Hormati Korban Kecelakaan Pesawat, Penggawa Timnas Indonesia Kirim Salam Duka
Nasib nahas dialami Chapecoense yang akan melangsungkan leg pertama final Copa Sudamericana melawan Atletico Nacional dari Kolombia. Chapecoense berangkat menuju Kolombia dengan menggunakan sebuah pesawat komersil dengan nomor penerbangan LMI2933.
Namun, armada asal Brasil tersebut tidak pernah bisa mencapai pertandingan final, karena pesawat yang mereka tumpangi mengalami kecelakaan. Pesawat itu pun jatuh di Cerro El Gordo, yang berada di dekat La Union, Antioquita, dan tim penyelamat mengalami kesulitan menuju ke sana karena jalur yang susah diakses, terutamanya dengan hujan lebat yang mengguyur.
Setidaknya 76 orang meninggal dunia termasuk para pemain dan pelatih Chapecoense. Tragedi ini tentu saja menyita perhatian dunia sepakbola, termasuk awak Tim Nasional Indonesia.
Boaz Solossa dan Andritany Ardhiyasa ikut mengirimkan salam duka bagi para korban kecelakaan pesawat ini. Kedua pemain Timnas tersebut mengunggah foto dalam akun media sosial mereka.
Boaz sendiri mengunggah foto para pemain Chapocoense dan puing pesawat yang terjatuh di sebuah tebing di Kolombia tersebut. Tak lupa, kapten Timnas Indonesia ini menyampaikan ungkapan duka citanya.
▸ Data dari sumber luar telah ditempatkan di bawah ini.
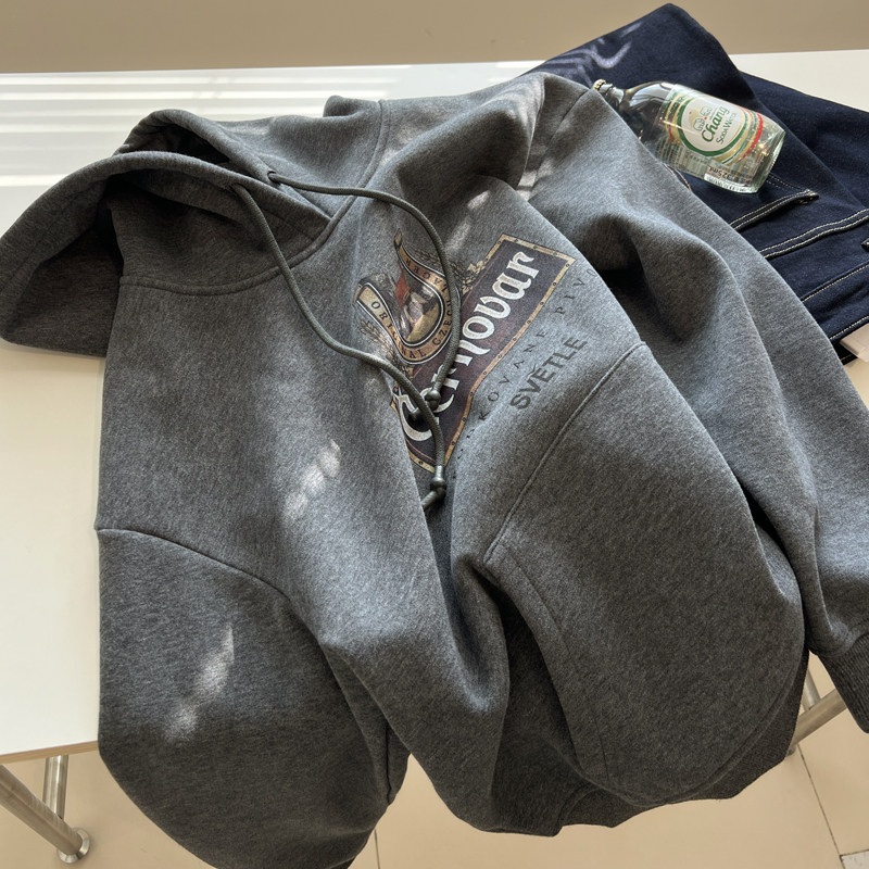 推荐理由:美式复古做旧字母连帽套头卫衣女宽松慵懒加绒加厚帽衫冬季新款潮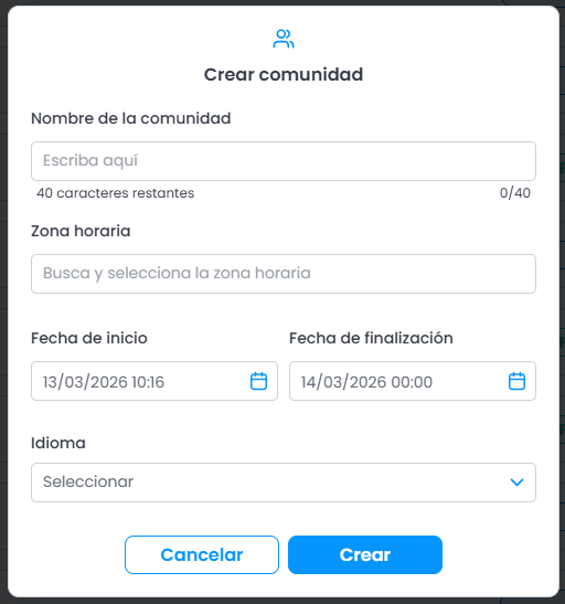 Recuerde que las fechas y horarios respetarán la zona horaria seleccionada. Si usted se encuentra en una zona horaria diferente a la configurada en la plataforma, asegúrese de considerar la diferencia horaria al programar su comunidad.
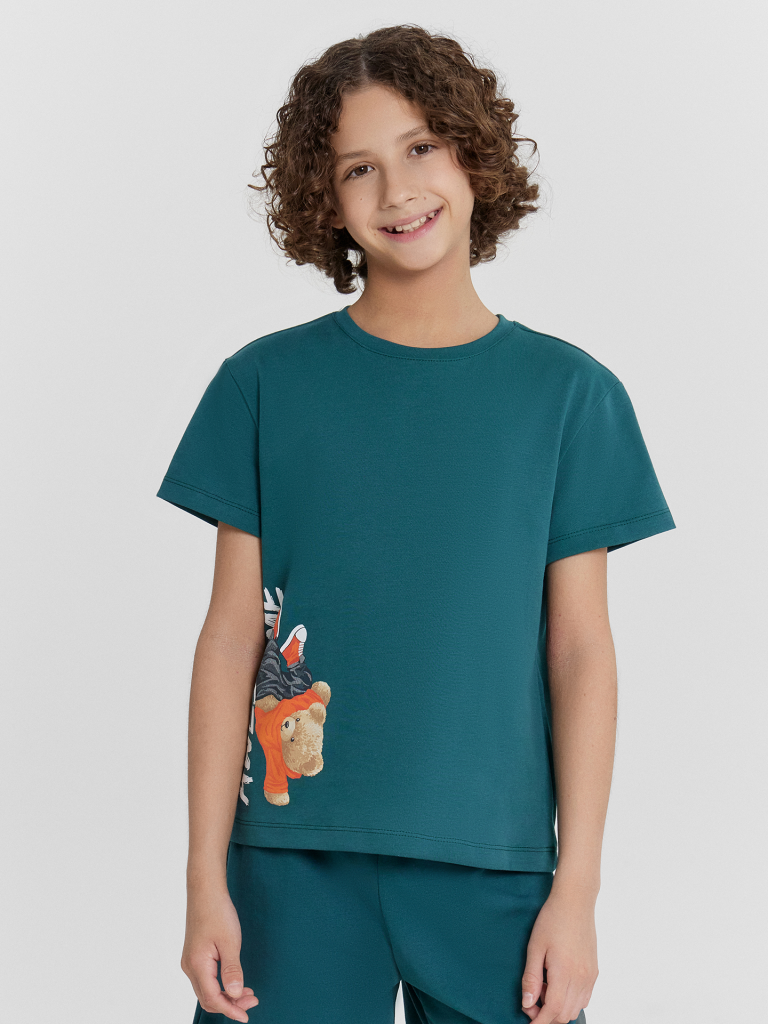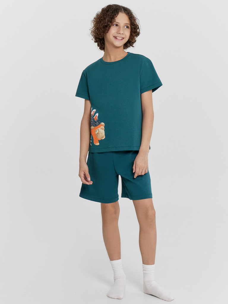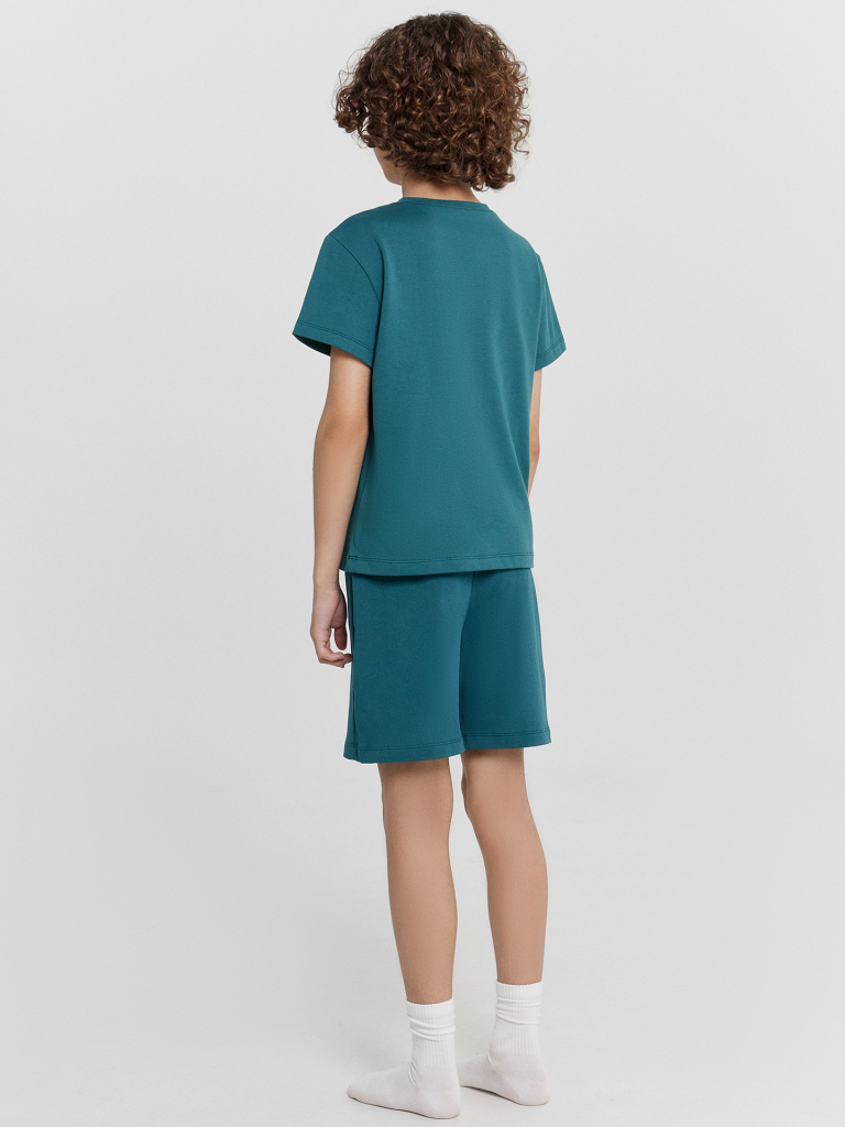 Домашний комплект для мальчиков — идеальное сочетание комфорта и практичного дизайна. Футболка прямого силуэта с короткими рукавами и круглой горловиной обеспечивает удобную посадку и свободу движений. Легкий крой делает ее комфортной для сна и повседневного отдыха. Шорты длиной до колен оснащены эластичным поясом с регулируемым шнурком, что позволяет индивидуально подстраивать посадку, обеспечивая дополнительный комфорт. Выполненный из 100% хлопка, комплект мягкий, дышащий и приятный к коже, создавая максимальное удобство. Этот вариант отлично подойдет мальчикам, которые ценят удобство, качество и стиль, делая отдых и сон еще более приятным!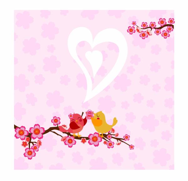 ภาพเวกเตอร์แบ็คกราวเกี่ยวกับความรักคู่รัก เป็นภาพสวยๆที่มีนกสองตัวสื่อถึงคู่รัก และมีดอกไม้ประดับสีชมพูสวยงามมาก มีรูปหัวใจอยู่กลางภาพ ไฟล์เวกเตอร์ eps สำหรับโปรแกรมกราฟิกทั่วไป
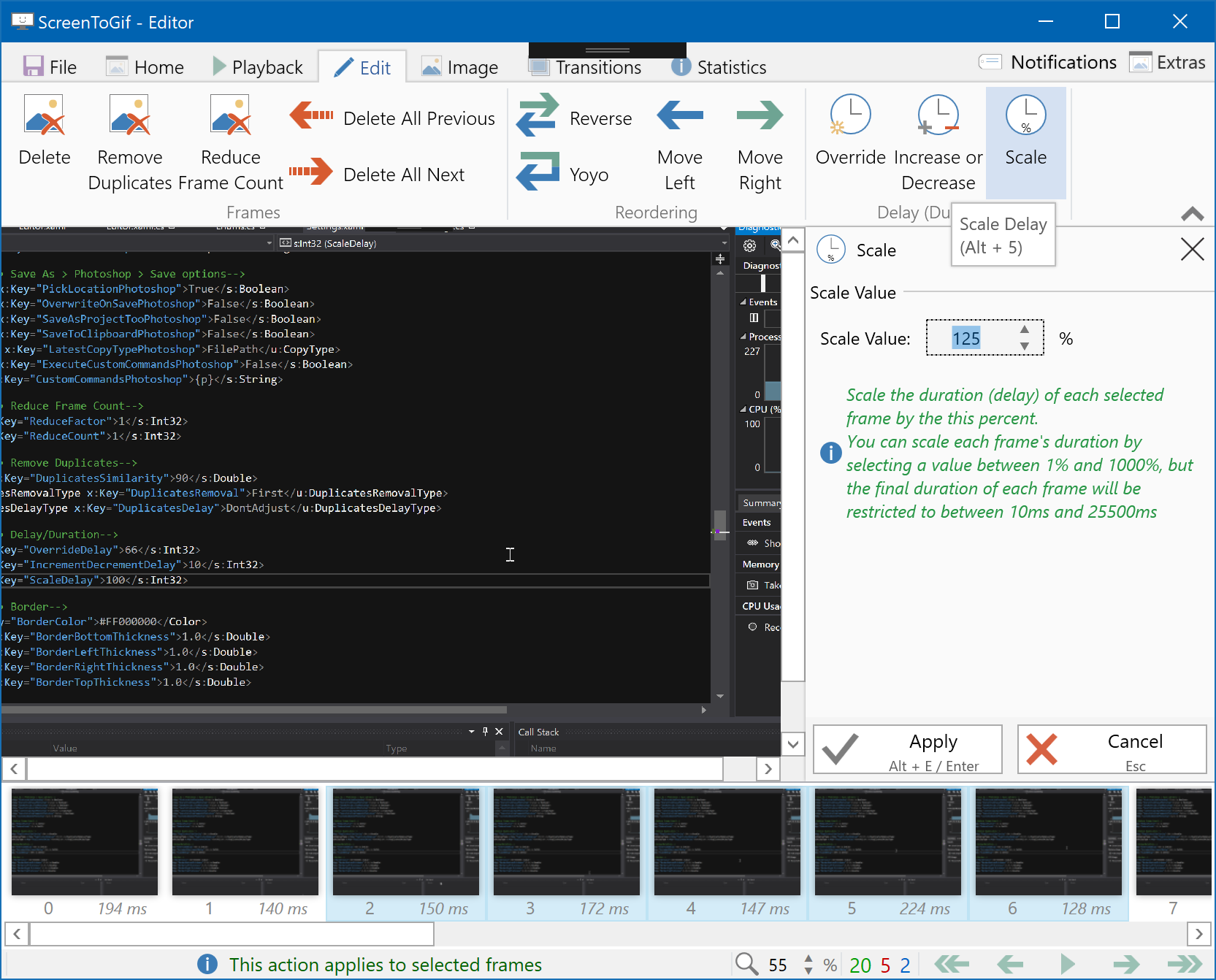 This command allows to change the duration of frames by a scale factor. For example, a 50ms frame will become a 75ms frame if the scale value is 150%.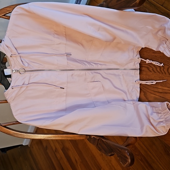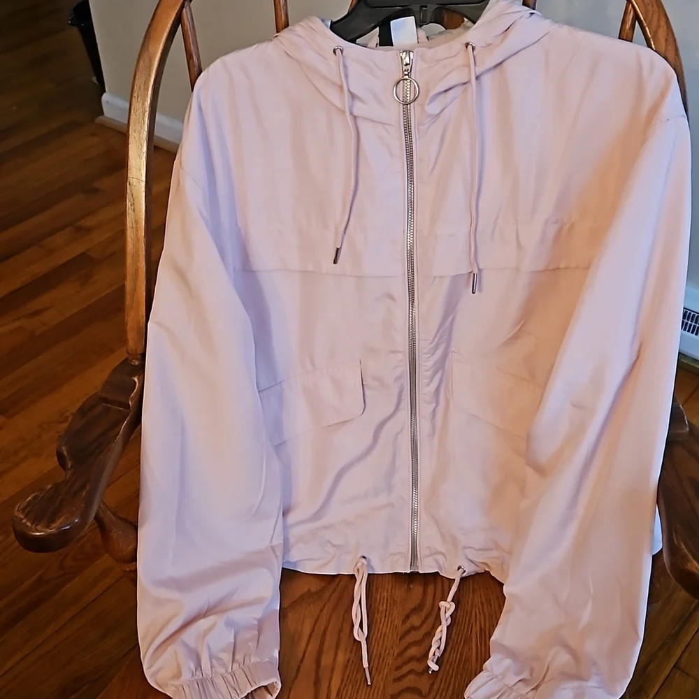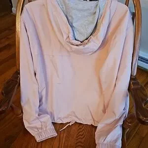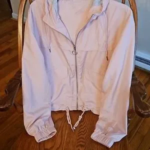 Light baby pink spring jacket with pockets and a light grey hood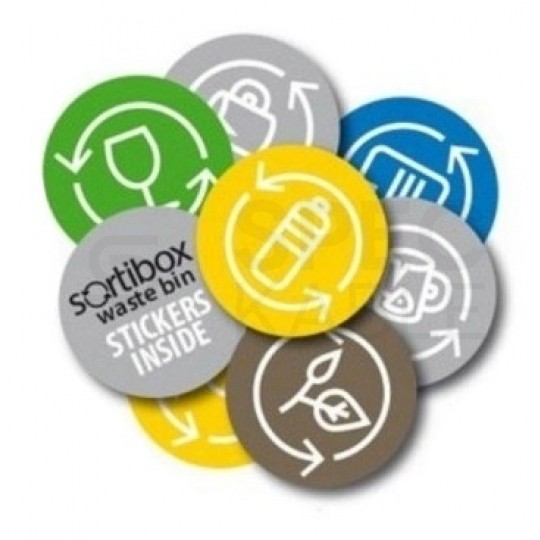 W każdym opakowaniu Sortibox znajduje się zestaw kolorowych naklejek z oznaczeniami, które znacznie ułatwiają segregację odpadów. Te kolorowe naklejki są niezwykle praktycznym dodatkiem, który pomaga w szybkim i łatwym rozpoznawaniu właściwego pojemnika do każdego rodzaju odpadu. Każda naklejka ma wyraźne oznaczenia, takie jak plastik, papier, szkło, metal czy bioodpady, co pozwala dokładnie i precyzyjnie segregować odpady.

"Saya turut berduka cita atas kecelakaan pesawat yang menimpa klub asal Brasil, Chapecoense," tulis Boaz dalam akun Instagram pribadinya.
Sama halnya seperti sang kapten, Andritany juga mengunggah logo klub asal Brasil tersebut dalam akun Instagram pribadinya. Kiper asal Persija Jakarta ini pun mengirimkan ucapan duka cita.
Unggahan Anditany ini pun mendapat apresiasi dari Boaz. Pemain berusia 30 tahun ini kemudian mengomentari foto yang diunggah Andritany.